According to the Food and Agriculture Organization of the United Nation, forests and trees are important carbon sinks. They absorb carbon dioxide from the atmosphere and store it as carbon. Carbon repossession by forests has attracted much interest as a mitigation approach, as it has been considered a relatively inexpensive means of addressing climate change.
The recent drought in Kenya that led to delayed rains from March to May for instance show how Kenya is vulnerable to climate change as it affects more 70 per cent of the rural population who depend on agriculture.
“We are selling grevillia, shade, whistling pine, mango, orange, pawpaw, coffee and passion fruit seedlings to anyone interested in planting these trees in their homes or institutions either for income generation, beautification or future use,” said Caleb Ouma who co-owns a tree nursery with over 100,000 seedlings with his partner, Kevin Ochieng.
They sell one seedling of grevillia at Sh30, passion fruit at Sh50, shade tree at between Sh30 to Sh40 and whistling pine at Sh30.
“Prospective buyers can get our seeds by reaching us on +254 716 825 742 and we will send the seedlings to wherever they are,” said Ouma.
In this, they pay transport costs for clients who buy more than 100 seedlings but those buying less cater for their own transport costs. Delivery is done after paying the total cost.
Ouma inspecting his tree seedlings at his farm in Homa Bay
Ouma started the venture in December 2018 after his contract at a sales and marketing firm expired.
“I chose not to look for another job; instead I realized that there is money in the soil, besides my friend Ochieng who does fencing jobs found out that there was a high demand of tree seedlings in Homa Bay where he was working,” said Ouma.
Initially, in February 2018, Ouma, Ochieng and four other friends had come together by planting 5,000 seedlings but disagreements on how to sell them when they matured in August 2018 led to the group breaking up.
“One member in the group sprayed all the trees with an herbicide and we ended making full losses, even though his family compensated us with Sh20,000 which we shared based on our contribution,” said Ouma.
After that the incident Ouma and Ochieng decided to start their own nursery by contributing Sh3000 each to buy a 15 liter water can which cost Sh500 and a hoe (jembe) which cost Sh600.

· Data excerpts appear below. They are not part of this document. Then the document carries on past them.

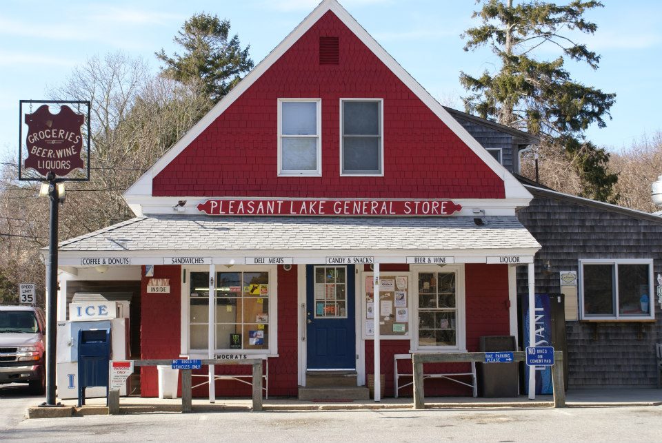 RAIL TRAIL BIKE TRAIL AND THE PIZZA SHARK AT THE PLEASANT LAKE GENERAL STORE
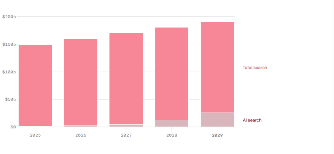 全球搜索广告市场在 AI 时代迎来重大变革。据 eMarketer 数据,美国 AI 搜索广告支出预计:
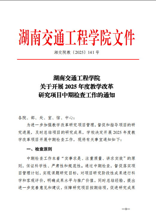 141.湘交院教〔2025〕141号(关于开展2025年度教学改革研究项目中期检查工作的通知).pdf
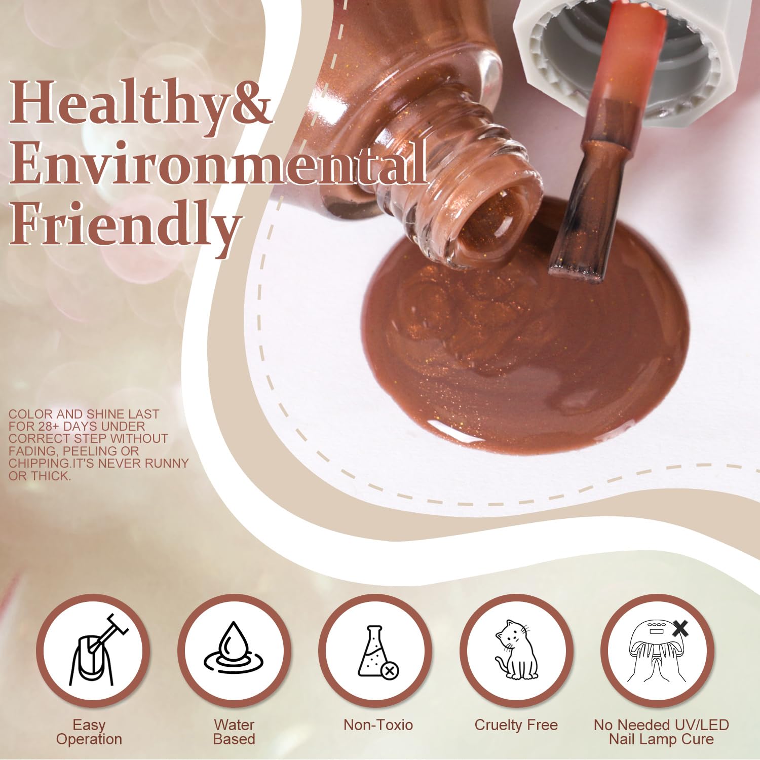 - NOTE: This nail polish is resistant to chipping and peeling, but for a longer-lasting shine, we recommend applying a top coat to keep the gloss for over 15 days!
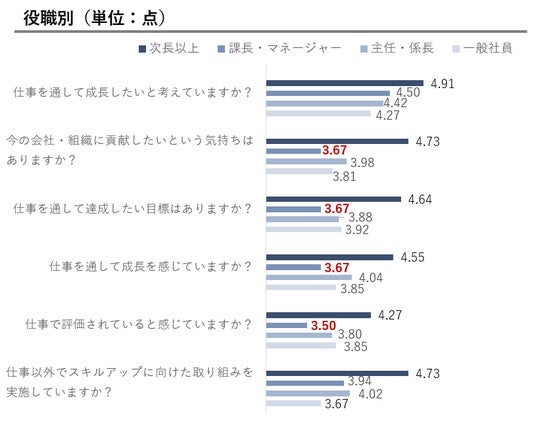 また、中間管理職(課長・マネージャー)クラスについては、組織貢献欲や成長実感、自己肯定感が低下。上司と部下の狭間で苦慮する姿が明らかになりました。
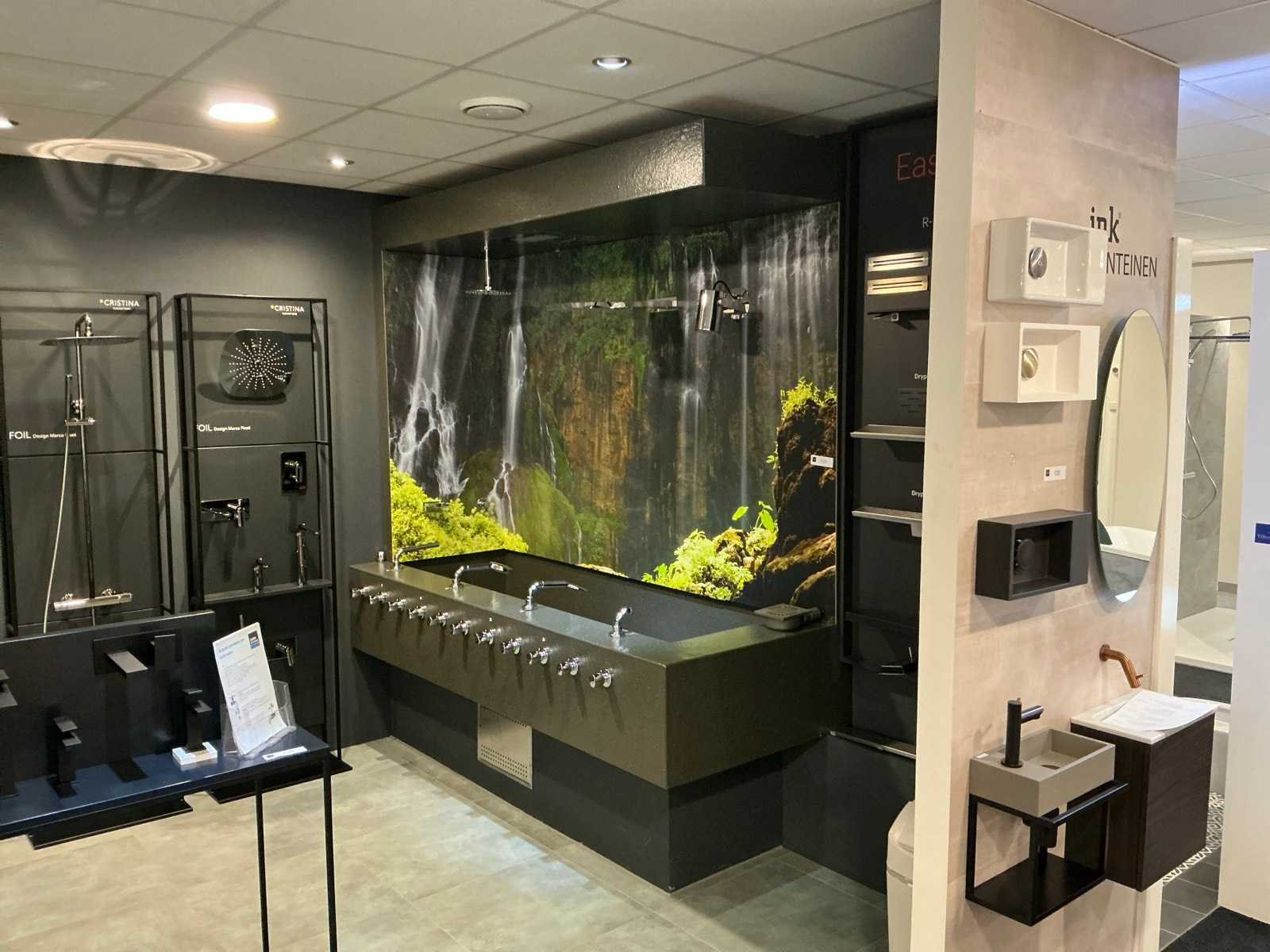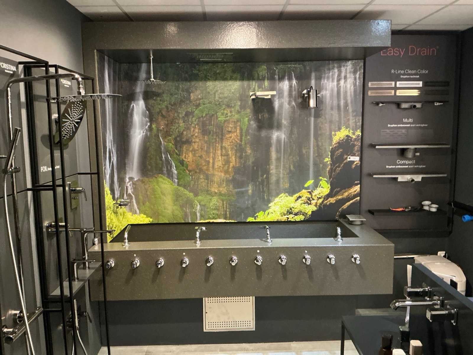 Douche presentatiewand met wasbak
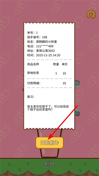 2、接到訂單后,查看訂單中的商品信息、備注要求,確認無誤后點擊開始制作,即可進入奶茶制作環節。
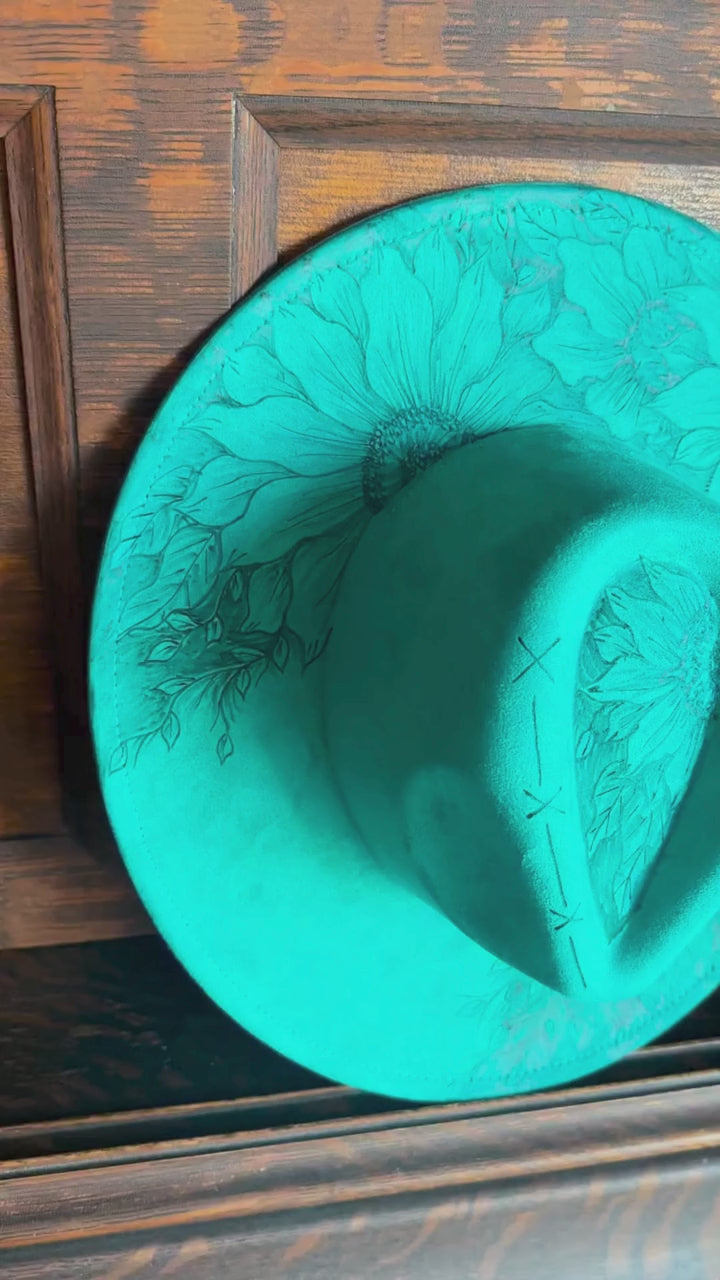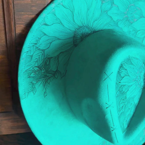 Turquoise Reverse Burn Sunflower Suede Burnt Hat
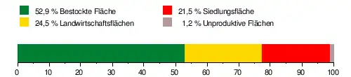 Es besteht zu 52,9 % aus bestockter Fläche, zu 24,5 % aus Landwirtschaftsfläche, zu 21,5 % aus Siedlungsfläche und zu 1,2 % aus unproduktiven Flächen.
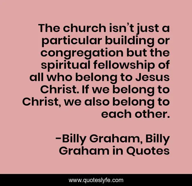 This page presents the quote "The church isn’t just a particular building or congregation but the spiritual fellowship of all who belong to Jesus Christ. If we belong to Christ, we also belong to each other.". Author of this quote is Billy Graham, Billy Graham in Quotes. This quote is about billy-graham, church,.
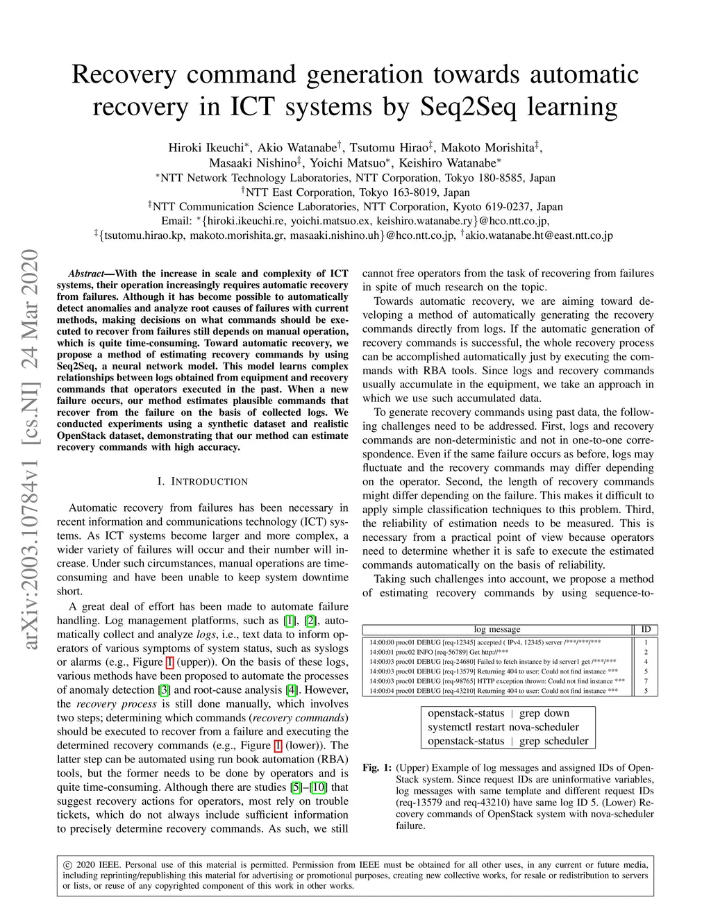 With the increase in scale and complexity of ICT systems, their operation increasingly requires automatic recovery from failures. Although it has become possible to automatically detect anomalies and analyze root causes of failures with current methods, making decisions on what commands should be executed to recover from failures still depends on manual operation, which is quite time-consuming. Toward automatic recovery, we propose a method of estimating recovery commands by using Seq2Seq, a neural network model. This model learns complex relationships between logs obtained from equipment and recovery commands that operators executed in the past. When a new failure occurs, our method estimates plausible commands that recover from the failure on the basis of collected logs. We conducted experiments using a synthetic dataset and realistic OpenStack dataset, demonstrating that our method can estimate recovery commands with high accuracy.

From 1,000 seedlings they started with their nursery now has over five thousand seedlings for each of pawpaw, passion fruits, mangoes, avocado, shade trees, whistling pine, over 20,000 coffee seedlings, around 10,000 grivellia seedlings, 500 oranges and 2,000 flower seedlings of different varieties.
So far the two have sold more than 2,000 seedlings since January locally. They use social media platforms such as Facebook to market the products.
“We have also donated more than 400 seedlings to various institutions and trained them on how to plant, during the recent world environment day for instance, we donated 250 seedlings to five schools within Homa Bay,” said Ouma.
When planting, Ouma advises one to dig the hole at least twice as wide as the root ball to allow them to settle deeper and penetrate firmly and use the same soil from the hole to cover the planted seedling.
“While planting, do not cover the leaves as this might lead to death of the seedling,” he said.
According to the Kenya National Bureau of Statistics Economic Survey Report of 2019, the total forest area increased marginally from 4,222.4 thousand hectares in 2017 to 4224.3 thousand hectares in 2018. However, the forest cover remained at 7.28 per cent in 2018 way below the 10 per cent the country intends to achieve by 2030.